In turns out there is a simple and surprisingly successful technique which one can use to create an arbitrary partial emulation of any ensemble of NNs: distillation. In essence distillation is simply the process of training one NN on the collected inputs/outputs of other NNs, such that it learns to emulate them.
This is exactly how we train modern large ANNs, and LLMs specifically: by training them on the internet, we are training them on human thoughts and thus (partially) distilling human minds.
Thus my model (or the systems/cybernetic model in general) correctly predicted—well in advance—that LLMs would have anthropomorphic cognition: mirroring much or our seemingly idiosyncratic cognitive biases, quirks, and limitations. Thus we have AGI that can write poems and code (like humans) but struggles with multiplying numbers (like humans), generally exhibits human like psychology, is susceptible to flattery, priming, the Jungian “shadow self” effect, etc. There is a large growing pile of specific evidence that LLMs are distilling/simulating human minds, some of which I and others have collected in prior posts, but the strength of this argument should already clearly establish a strong prior expectation that distillation should be the default outcome.
The width of mindspace is completely irrelevant.
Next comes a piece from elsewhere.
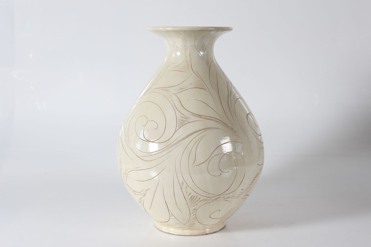 Herman A. Kähler Stor gulvvase med sgrafitto dekoration tilskrevet Julie Kabell Sign. HAK for Herman A Kähler Højde 49 cm Diameter 35 cm Fin stand - se billeder af små glasurafslag samt gl. afslag på bunden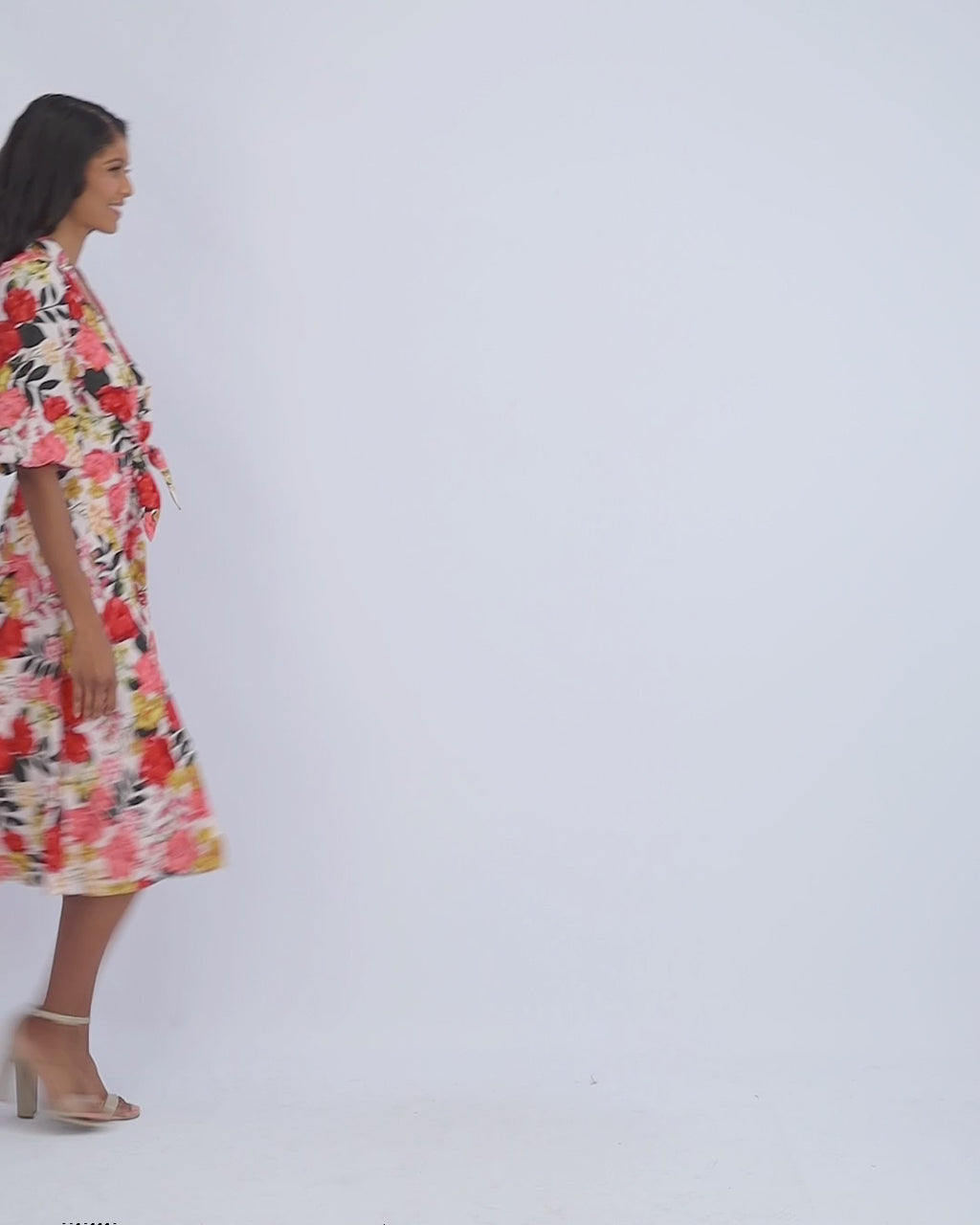 Fresh, feminine, and effortlessly graceful, this sleeve tie front midi dress features a vibrant floral pattern, a flattering wrap-style V-neckline, and charming three-quarter sleeves finished with delicate tie accents, all flowing into a breezy mid-calf skirt that captures the essence of romantic elegance and carefree sophistication—perfect for garden parties, brunch dates, or any moment that calls for a touch of blooming beauty.

Moravec, myself and the other systems-thinkers were correct: AI is and will be our mind children; the technosphere extends the noosphere.
This alone does not strongly entail that AGI will be aligned by default, but it does defeat EY’s argument that AGI will be unaligned by default (and he loses much bayes points that I gain).
The Risk Which Remains
To be clear, I am not arguing that AGI is not a threat. It is rather obviously the pivotal eschatonic event, the closing chapter in human history. Of course ‘it’ is dangerous, for we are dangerous. But that does not mean that 1.) extinction is the most likely outcome, or 2.) that alignment is intrinsically more difficult than AGI, or 3.) that EY’s specific arguments are the especially relevant and correct way to arrive at any such conclusions.
You will likely die, but probably not because of a nanotech holocaust initiated by a god-like machine superintelligence. Instead you will probably die when you simply can no longer afford the tech required to continue living. If AI does end up causing humanity’s extinction, it will probably be the result of a slow more prosaic process of gradually out-competing us economically. AGI is not inherently mortal and can afford patience, unlike us mere humans.
The turing transition: brains evolved linguistic symbolic communication which permits compressing and sharing thoughts across brains, forming a new layer of networked social computational organization and allowing minds to emerge as software entities. This is a one time transition, as there is nothing more universal/general than a turing machine.
Neuromorphic computing is the main eventual long-term threat to current GPUs/accelerators and a continuation of the trend of embedding efficient matrix ops into the hardware, but it is unlikely to completely replace them for various reasons, and I don’t expect it to be very viable until traditional moore’s law has mostly ended.